Продолжаю ходить на спектакли комиссии по премии «Москвы». Сегодня – «Мольер» в театре «Вишневый сад» у Вилькина. Это продолжение «костюмной» части театра, где театр – театр, а не сборище бомжей и хулиганов. На этот раз спектакль даже политический. Видимо, и лицемерие, и ханжество так универсальны, что я невольно подставил под термин и нашего Чубайса с лицом постника, и нашего Гайдара с физиономией святоши, и «кудрявого мальчика» Немцова. Все они подходят под то, что актеры делают в спектакле. Даже госпожа Пренель, мать Оргона (О. Широкова), мне чем-то (о покойниках ничего или только хорошее, прости меня Боже) напоминает покойную Г. В. Старовойтову. Та же экстатическая напористость. Вилькин еще очень ловко переориентировал явление королевского офицера в финале в издевательское. Это – просто призыв вспомнить речеобильного и словоумильного Ельцина. Все это прекрасно оформлено и сыграно в темпе.

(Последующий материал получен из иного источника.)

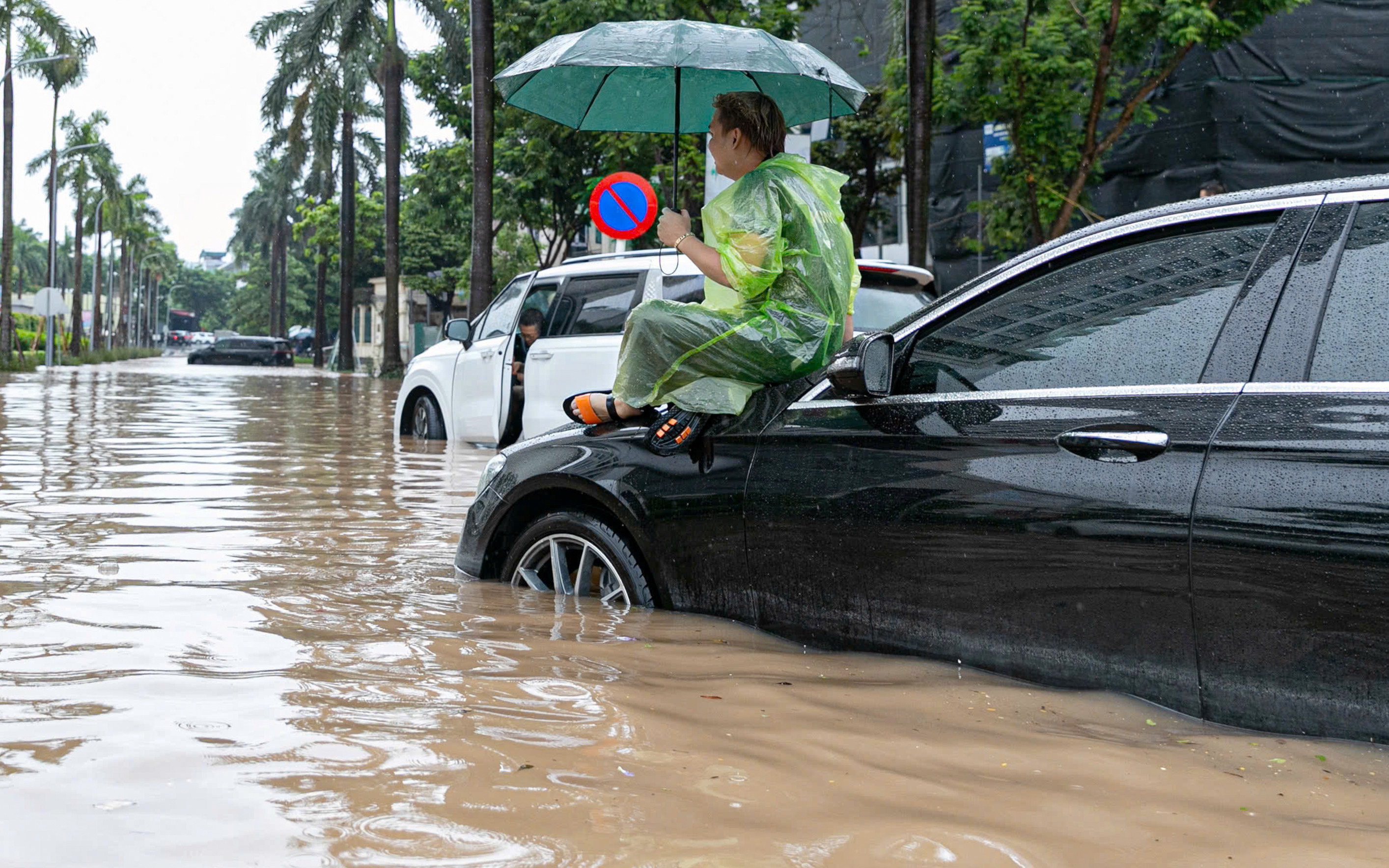 “Tôi gọi cứu hộ từ sớm nhưng họ cũng kẹt, không vào được ngay. Xe thì ngập nửa bánh, nếu cố khởi động sẽ hỏng máy. Đành ngồi chờ thôi”, một tài xế chia sẻ.

Вчера вдруг раздался телефонный звонок. Некий «его знакомый Алексей» – это по словам секретаря – сообщил мне… в общем, все та же песня рэкета. Опять намеки на то, что надо делиться и с рекламы, и с обучения. Полное знакомство и с нашими делами, и с нашими планами. Только властное ощущение, что все у нас в полном порядке, хотя бы по этике, а не только по бумагам, придавало мне силы. Самое любопытное, что этот разговор происходил в приемной, полной людей. Я вышел в приемную и взял трубку секретаря, а не поднял свою в кабинете. В это же время шофер Миша при открытой двери в кабинет – он забирал сумку с продуктами (деньги на которые я давал утром Альберту Дмитриевичу) – слышал весь разговор. Перед этим мой референт Сережа пытался несколько раз соединить меня с неким «Алексеем», но номер срывался, и я вышел на третий раз в приемную. Выбор имени для «переговорщика» был довольно симптоматичен. Не Олечка ли так точно все рассчитала? Я в трубку довольно отчетливо и громко сказал, что денег в институте нет и не будет, потому что все у нас идет через кассу. И дальше уже на заводном оре закричал – что хоть стреляйте меня, но я ни с кем не поделюсь, потому что делиться не с чего и нечем. Интересно, конечно, и то, что намек о рекламе возник не случайно. Институтские знали о деньгах, которые были даны, но мало кто знал, что на всю эту сумму была куплена и оприходована, через бухгалтерию, техника. Знала, что в этом месте мы уязвимы, и Олечка.
В таком состоянии я уехал домой. Хорошо, что все, к дню рождения В.С. приготовил еще накануне, осталось расставить и накрыть стол.
5 апреля, понедельник.
Утром довольно удачно написал страничку шестой главы – в роман. Материал чуть-чуть размялся, но пишется тяжело, зато интересно, как под пером формируется и герой и версия времени. В институтском смысле день был тяжелым. Бухгалтерия, а точнее – наша нехрупкая Людочка вовремя не сообщила арендаторам новые реквизиты, и деньги переслали не в тот банк. Удастся ли их теперь из этого банка выбить? Под конец дня звонил из министерства культуры некто Юрий Константинович. Опять речь идет о передаче куска института под музей и исследовательский центр Платонова. Я долго объяснял всю ситуацию, как я ее вижу и как уже не один раз описывал ее в прессе. Но Марии Андреевне Платоновой нужно место директора, а властям за любой счет отсветиться, что они радеют за культуру. Я не стал объяснять, что значение Платонова уже меняется, видимо, он писатель, который останется со своим временем. Бум Платонова был связан еще и с тем, что объективно своим массированно выброшенным в средства массовой информации творчеством он разрушал социализм. Вместе с Баклановым письмо подписала и Наталья Васильевна Корниенко. Особенно активен Бакланов. Так мне сказали собеседники из администрации президента. Но какова Наталья Васильевна, работает в институте и институту же гадит. Почему я эту ученую даму-совместительницу не освободил от работы в прошлом году? Я разнервничался сильнее, чем когда три недели назад мне звонили бандиты. Будем советовать открыть моим оппонентам такой центр в ИМЛИ. Площадей, которые они сдают, у них не меньше, чем у нас. А мы ограничимся памятной аудиторией.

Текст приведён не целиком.